I'm troubleshooting some code and I encountered this line
uint8var = ((constUint8[0]) >> 7) & 0x01u;
I was wondering what the correct practice in this is. Is the & 0x01u necessary for proper implementation when writing MISRA compliant code, considering I'm shifting uint8 by 7 digits to the right?
Right-shifting a uint8_t can never be problematic in itself. However, MISRA-C aims to block you from writing bugs caused by implicit integer promotion. In your case constUint8[0] will get implicitly promoted to int which is signed. This will cause various MISRA compliance problems that are easiest avoided by ensuring your code contains no implicit promotions in the first place.
When it comes to shifts, that means casting to a large integer type before shifting:
(uint32_t)constUint8[0] >> 7.
The mask with 0x01u is superfluous and adds no value. It can be safely removed.
To achieve MISRA-C compliance, the best way is to re-write the code like this:
uint8var = (uint8_t) ((uint32_t)constUint8[0] >> 7);
where the (uint8_t) cast ensures that there's no implicit conversion, but that we explicitly go back to the intended type. MISRA-C doesn't allow implicit assignment from larger types to smaller ones.
For more info see Implicit type promotion rules.
I am trying to correct the MISRA violation "441 - Float cast to non-float" that is occurring with the following code:
tULong frames = (tULong)(runTimeSeconds * 40.0f);
runTimeSeconds is a float and obviously 40.0f is assigned as a float. Any ideas?
There is a rule (MISRA-C:2004 10.4) stating the value of a complex expression of floating type may only be cast to a narrower floating type.
(runTimeSeconds * 40.0f) is such a so-called complex expression (a MISRA-C:2004 term). To dodge the MISRA violation, you can introduce a temporary variable:
float tmp = runTimeSeconds * 40.0f;
tULong frames = (tULong)tmp; // no complex expression, this is fine
The rationale for this rule is that complex expressions could potentially contain implicit type promotions and similar dangerous things.
MISRA-C:2004 is also worried/paranoid about incompetent programmers who think that changing code like uint8_t u8a, u8b; ... u8a + u8b into (uint32_t)(u8a + u8b) would somehow cause the addition to get carried out as an unsigned 32 bit type.
These rules have been improved in MISRA-C:2012 and are more reasonable there. A cast from a float expression to an unsigned one is fine as per MISRA-C:2012 10.5.
<math.h> has a nice family of functions that round and convert in one call. No cast needed to convert from float to tULong.

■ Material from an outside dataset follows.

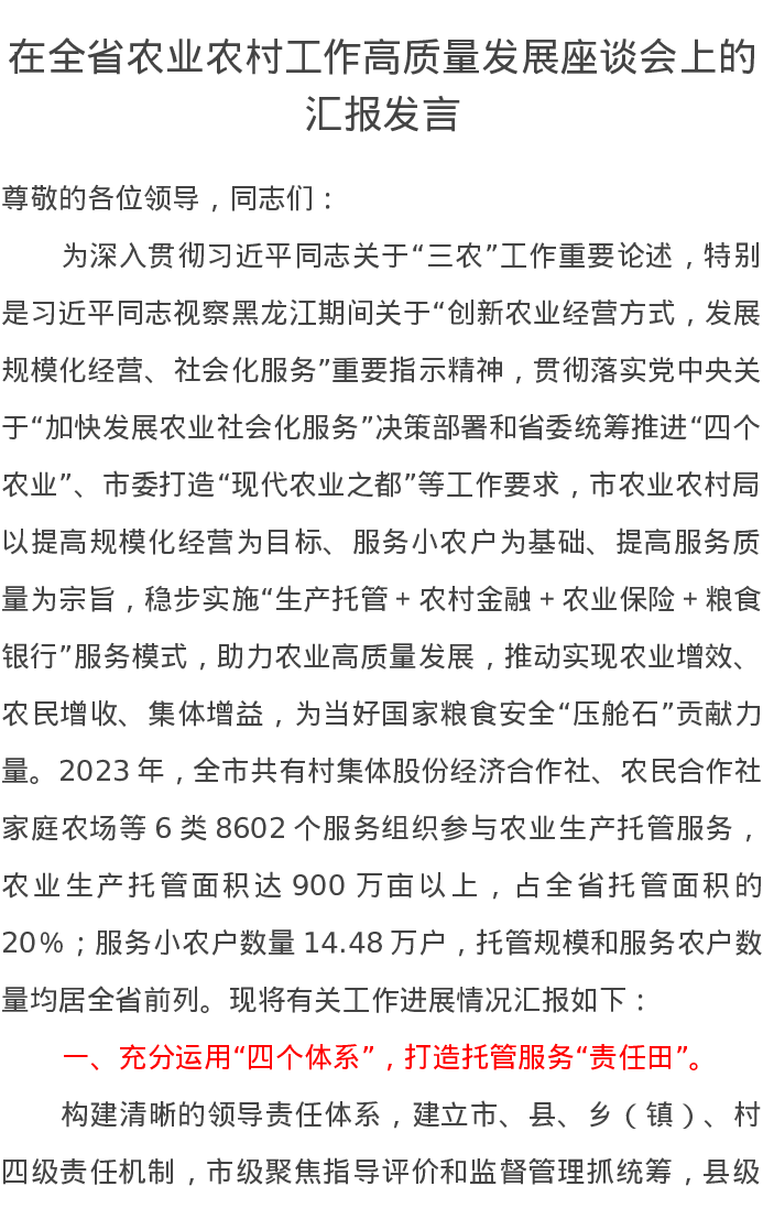 在全省农业农村工作高质量发展座谈会上的汇报发言

Below has a (tULong) cast to handle an integer to integer conversion which may be eliminated depending on unposted issues of range and tULong details.
#include <math.h>
// long int lrintf(float x);
// long long int llrint(double x);
// 4 others
tULong frames = (tULong) llrintf(runTimeSeconds * 40.0f);
This rounds rather than truncates like OP's original code.
If the idea is to truncate the result, use the truncf function:
ULong frames = truncf(runTimeSeconds * 40.0f);
That way, your intention is made explicitly.
In a huge macro I have in a program aimed for a 16-bit processor, the following code (simplified) appears several times:
typedef unsigned short int uint16_t;
uint16_t var;
var = ~0xFFFF;
MISRA complains with the warning 12.4: integer conversion resulted in truncation. The tool used to get this is Coverity.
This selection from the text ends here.